Josefa Domolailai
- Full name: Joseva Ulago Domolailai
- Born: 11 December 1985 (age 40) Sigatoka, Fiji
- Height: 6 ft 6 in (198 cm)
- Weight: 253 lb (115 kg)

Rugby union career
- Position: Flanker / Lock

Senior career
- Years: Team / Apps / (Points)
- 2007–08: USA Limoges
- 2008–09: Petrarca Padova
- 2009–11: AC Bobigny
- 2011–12: FC Auch
- 2012–16: Section Paloise
- 2016–18: US Carcassonne
- 2018–20: Rouen Normandie

International career
- Years: Team / Apps / (Points)
- 2008–12: Fiji / 13 / (10)

= Josefa Domolailai =

Fiji international rugby union player

Joseva Ulago Domolailai (born 11 December 1985) is a Fijian former international rugby union player.

==Rugby career==
Born in Sigatoka, Domolailai was primarily a back-row forward, capped 13 times for Fiji. He made his early international appearances as a lock, debuting against Tonga during Fiji's 2008 IRB Pacific Nations Cup campaign. His career included a Test against Scotland at Murrayfield, where he had to be stretchered off with a broken ankle.
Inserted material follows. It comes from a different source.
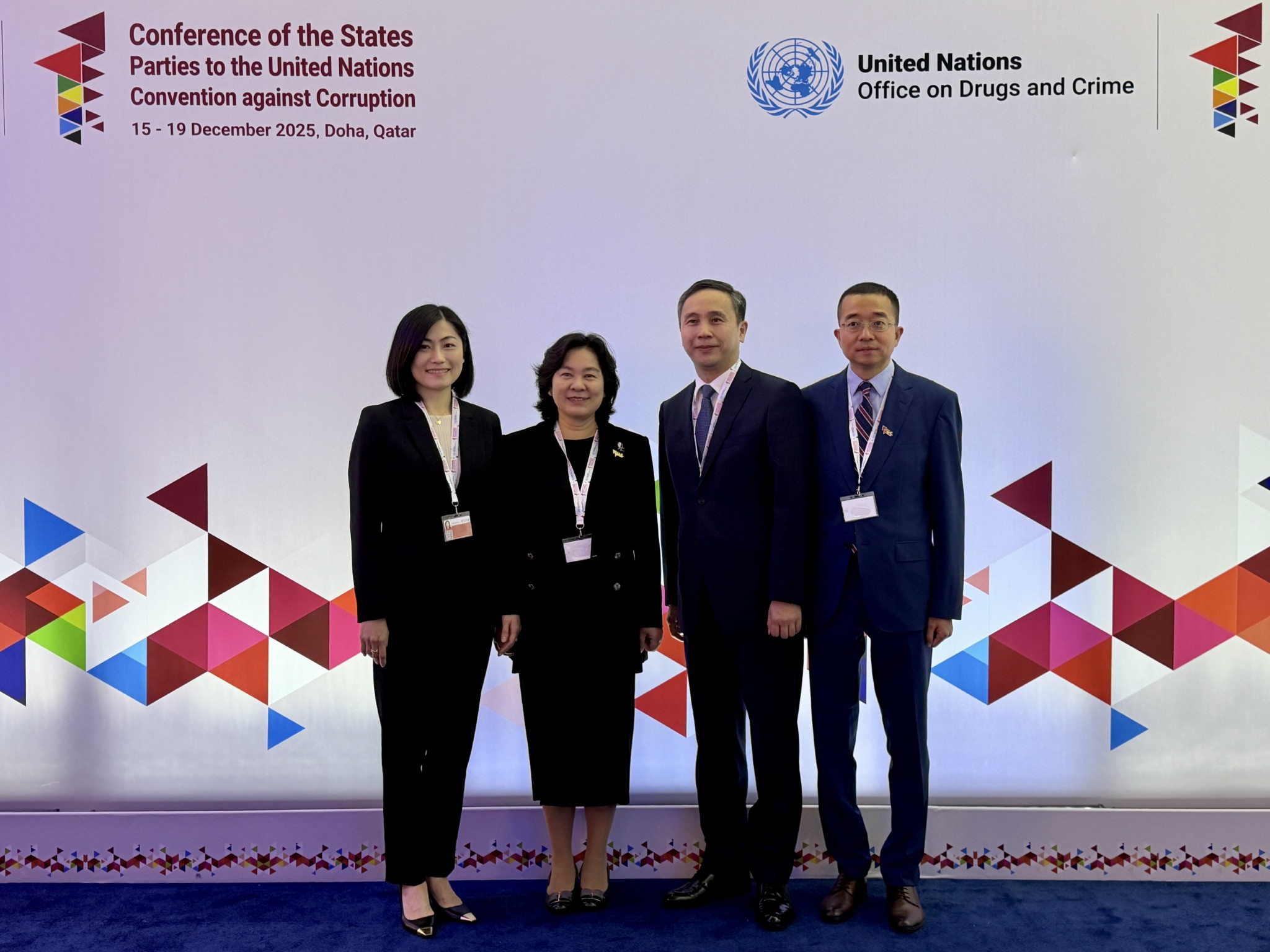 廉政专员欧阳湘一行以中国代表团成员身分,于本月15日出席在卡塔尔首都多哈举行的《联合国反腐败公约》第11届缔约国会议,中国代表团团长、外交部副部长华春莹出席开幕式并发言。

Domolailai joined French club USA Limoges in 2007 and aside from one season in Italian rugby spent his entire career in France, also playing for AC Bobigny, FC Auch, Section Paloise, US Carcassonne and Rouen Normandie. He played some rugby in the Top 14 during his time in Pau and won a Pro D2 title with the club in 2015.